Потом был дядя Саша, брат матери, здоровый такой мужик, я запомнил его вечно весёлым, по мальчишески озорным что-ли. Работал он на Гидролизном заводе, производящем спирт, сильно пил, потом был кодирован на пять лет, а потом сорвался в такой жёсткий запой, что выпил электролита вместо спирта и в муках умер прямо на руках у своего сына, моего двоюродного брата Кирилла, о котором пойдёт речь чуть позже.
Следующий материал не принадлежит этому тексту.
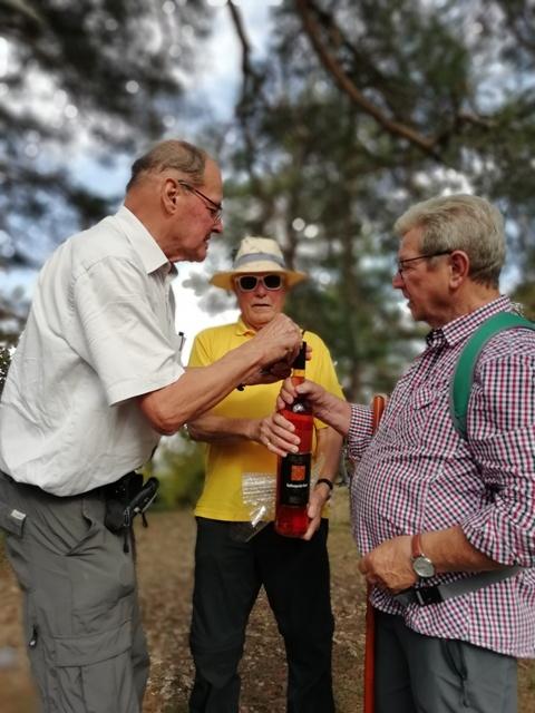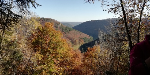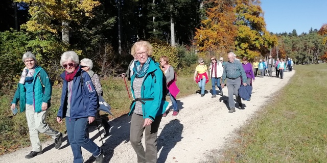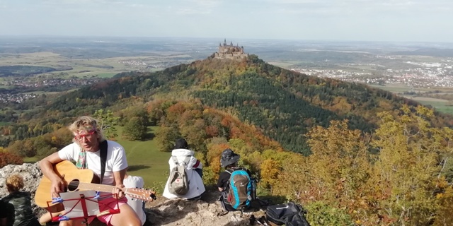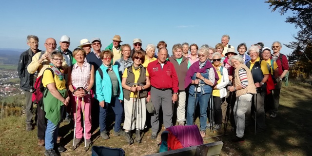 Zur letzten Wanderbusausfahrt in diesem Jahr ging es für die 33 Teilnehmer bei strahlend schönem Herbstwetter auf die Schwäb. Alb. Wieder hatten die Trossinger ein großes Glück mit dem Wetter. Gewandert wurde ab Parkplatz Stich b. Onstmettingen nach einem kurzen Anstieg hinauf zum Heiligenkopf und weiter durch die sonnendurchfluteten Laubwälder am Trauf entlang über den Blasenberg, wo wir den ersten Blick auf den Hohenzollern hatten, zum Zollernsteighof. Viele Wanderer waren an diesem schönen Herbsttag unterwegs. Der Busfahrer wartete zur Vesperpause mit Kaffee, Kuchen und Wein auf uns. Die Abkürzer hatten nun die Möglichkeit zum Nägelehaus zu wandern. Für die anderen ging es weiter zum Zeller Horn. Was für ein schöner Ausblick auf den Hohenzollern. Ein Musikant spielte Gitarre und gleichzeitig Mundharmonika und erfreute so die Wanderer. Es stellte sich heraus, daß der Musiker den 5. Platz damals beim Trossinger Skispringen belegte und eine Hohner-Mundharmonika geschenkt bekam. Auf wurzeligen Pfaden ging es nun am Trauf und Zollerngraben entlang weiter zum Hangenden Stein. Zwischendurch gab ein neuer Wanderfreund seinen „Einstand“ . Im Rucksack schleppte er eine gekühlte XXL-Rosewein-Flasche mit sich, zur Freude der Wanderschar. Die Championsleague Gruppe wanderte noch über Stocken zurück zum Nägelehaus, wo sich alle zur Einkehr trafen. Unter den Akkordeonklängen von Helga Birk wurden noch ein paar Wanderlieder gesungen. Glücklich und zufrieden über den schönen Wandertag kehrten alle wohlbehalten zurück.

Эта смерть сына сильно подкосила моего деда-танкиста, он сразу сдал что-ли, вскоре после этого у него обнаружили рак, и он долго ещё промучившись, отдал Богу душу.
Трудовой лагерь «Солнышко»
Было мне лет 13—14, когда мне в первый раз родители налили шампанского на Новый год со словами «ну уже взрослый, можно». А ведь с этого всё и начинается, раз родители говорят, что можно, то ты и принимаешь это. Это очень важный момент, это как благословение, действует моментально, как косвенное внушение, оно пролетает прямо в подкорку мозга и потом застревает там на долгие годы, а у кого то и навсегда! Ведь для ребёнка родители как два Бога, которым он бесконечно верит, срисовывает их поведение, как губка впитывает всё, начиная от слов и заканчивая привычками. Не помню особо, понравилось мне или нет, но все вокруг пили, и я стал пить, а потом пошло пиво на крылечке с друзьями, вино в Краснодарском крае во время летнего отдыха в лагере «Солнышко», и пошло- поехало.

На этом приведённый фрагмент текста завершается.